It’s challenging enough to evaluate all the employees who report to you once a year. Surely you don’t have to do it more often.
You might. There are at least two times when you’ll be doing yourself and your employer a favor by giving an employee an interim evaluation:
- If the person manifests a sharp drop in performance or worsening of conduct
- If you come in and take over a team or department, and discover you have a problem employee.
In both cases, the employee’s issues might not have been documented in their last annual review – because the problem has arisen since then, or because the previous boss didn’t have the heart or the smarts to give an honest assessment.
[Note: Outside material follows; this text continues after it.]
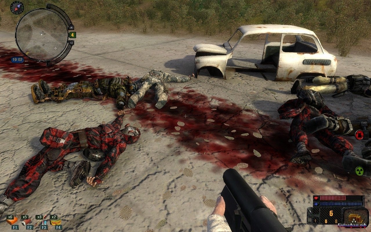 - Радиационный уровень: без противогаза подходить к врагам нельзя — иначе герой погибнет от облучения.

So you want to get the employee’s issues down on paper ASAP. Two reasons: 1) You may able to turn the person around, and 2) If you can’t do that, you can at least prepare the ground for necessary discipline.
What should you say in an interim review? Tell the employee that:
- You’re doing an unscheduled review because his previous evaluations don’t accurately reflect his overall performance.
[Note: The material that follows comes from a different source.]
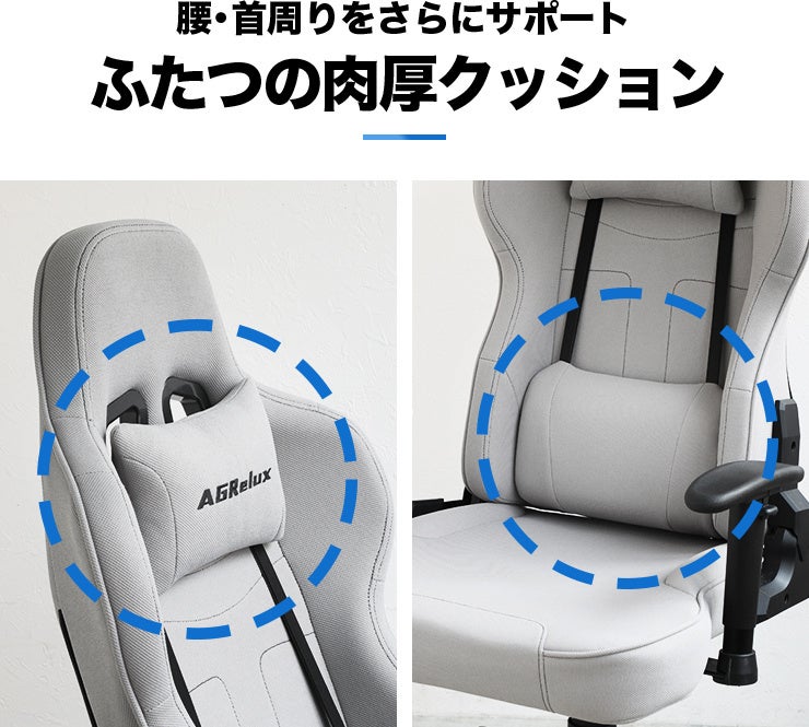 今回登場する 「AGRelux α ファブリック ライトグレー」は、AGReluxシリーズの中でも特に人気を誇る「アグリラックス α」のファブリックタイプに、「インテリアに合わせやすい色があったらいいな」というユーザーの声を反映して開発された、新色ライトグレーモデルです。従来のゲーミングチェアにありがちな派手な色合いを避け、日常空間になじむ洗練されたトーンと質感に仕上げられています。快適性はそのままに、暮らしにフィットするデザインが魅力です。

- You intend to rate him as “not meeting expectations” or similar. You know this going in because there’s a serious problem (which you’ll explain).
- You may review him again in, say, 90 days to see what progress has been made. And of course, you’ll want to devise a performance improvement plan for that period.
(P.S. Keep in mind that performance reviews don’t have to be tied to salary reviews. In fact, there’s a strong rationale for keeping them separate.)